1956—1 mortgage—$7,000

1957—1 mortgage—$7,100 (½ interest)

1958—No mortgages

1959—1 mortgage—$2,500

1960—2 mortgages—$6,600

1961—4 mortgages—$22,412.20

1962—1 mortgage—$4,000.00 (no bonus or discount)

1963—3 mortgages—$17,000.00 (no bonus or discount)

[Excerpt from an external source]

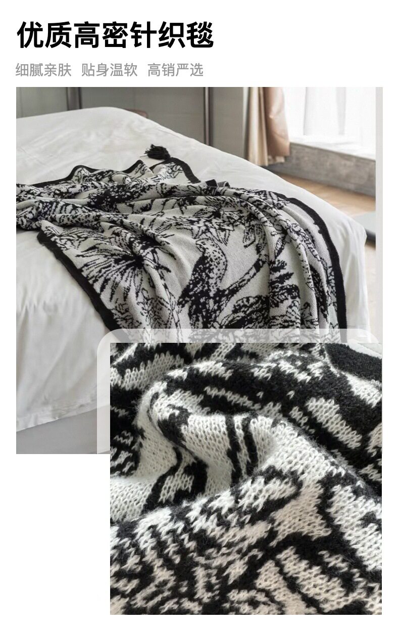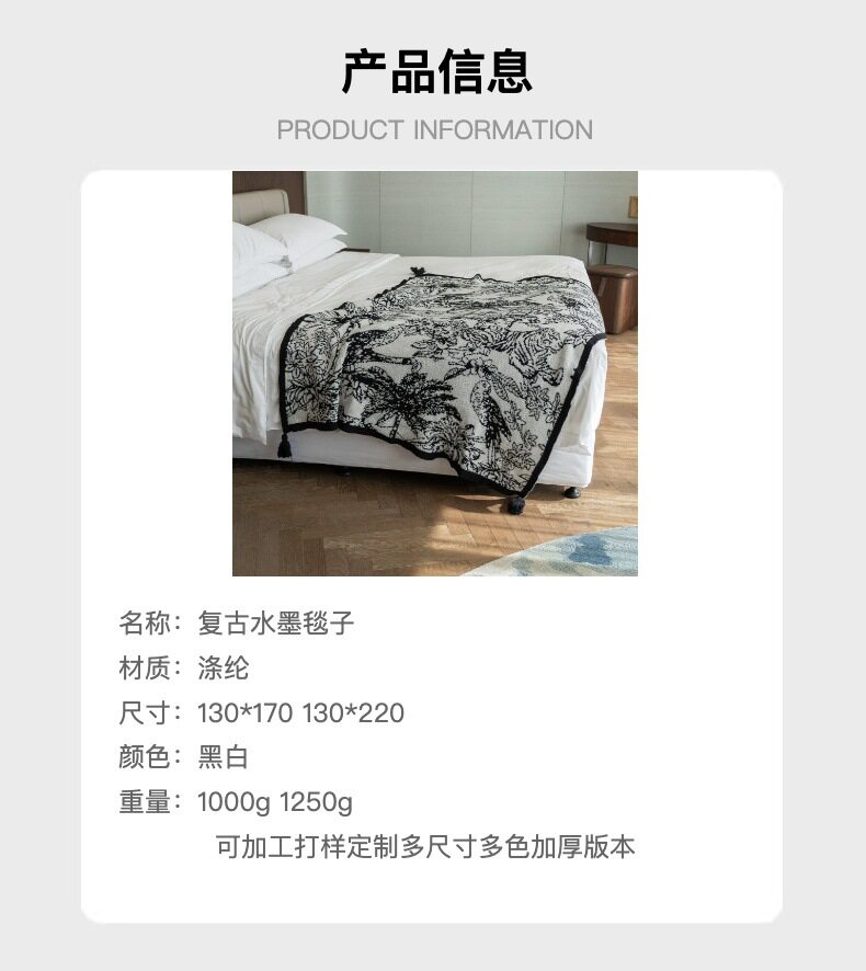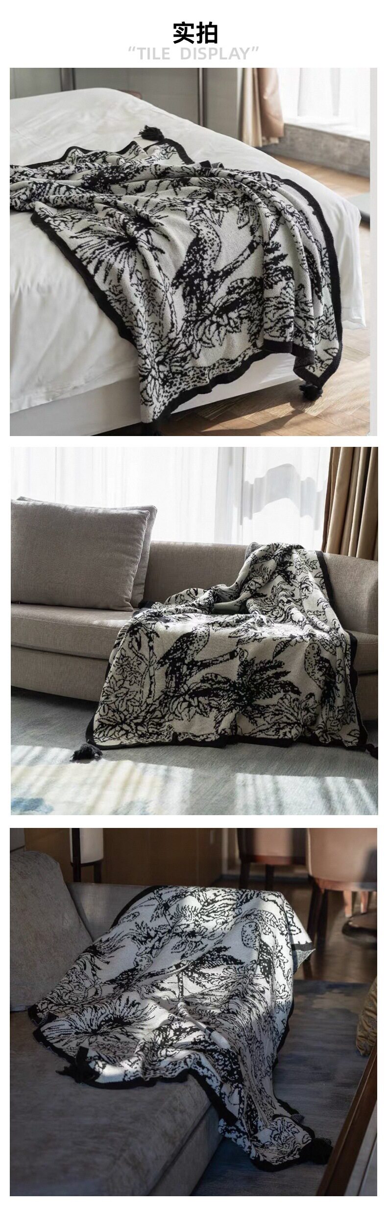Chinese-Style Retro Ink Painting Floral and Bird Knitted Blanket Sofa Blanket Throw Blanket Bed Blanket Splash-Ink Decorative Air-Conditioning Blanket Nap Blanket Fleece Blanket

As stated, appellant acquired his one-half interest in the mortgage in issue here in 1957, and it was the only acquisition in that year. Appellant’s purchases were not speculative and, according to his evidence, they were made after he had inspected each property and reached a decision that each mortgage was a safe investment for him.

In my opinion, this pattern of appellant’s activities was consistent with the making of personal investments out of his savings and not with the carrying on of a business. It follows that the amount of $700, received in 1962, represented a capital gain and not taxable income.

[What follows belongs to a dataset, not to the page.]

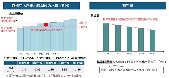 図2左の例では、2026年度から2030年度に向けて、目指すべき排出原単位(t-CO2/t)を直線的に引き下げていく案が示されている。このような段階的引き下げは、一種の激変緩和的な効果があると考えられる。経済産業省では、NDC(国が決定する貢献)の更新頻度も念頭に、5年程度先までベンチマーク水準を設定する予定としている。

I would allow the appeal and direct that the assessement be referred back for reconsideration in accordance with these reasons. The appellant is entitled to his costs throughout.

Appeal allowed with costs.

Solicitors for the appellant: MacKenzie, Wood & Good-child, Toronto.

Solicitor for the respondent: D.S. Maxwell, Ottawa.

 



[1] [1967] 1 Ex. C.R. 199, [1967] C.T.C. 66, 67 D.T.C. 5045.

[2] [1967] 1 Ex. C.R. 199, [1967] C.T.C. 66, 67 D.T.C. 5045.

[3] [1968] S.C.R. 957, [1968] C.T.C. 446, 68 D.T.C. 5291.

[4] [1963] S.C.R. 223, [1963] C.T.C. 176, 63 D.T.C. 1121, 38 D.L.R. 2d) 346.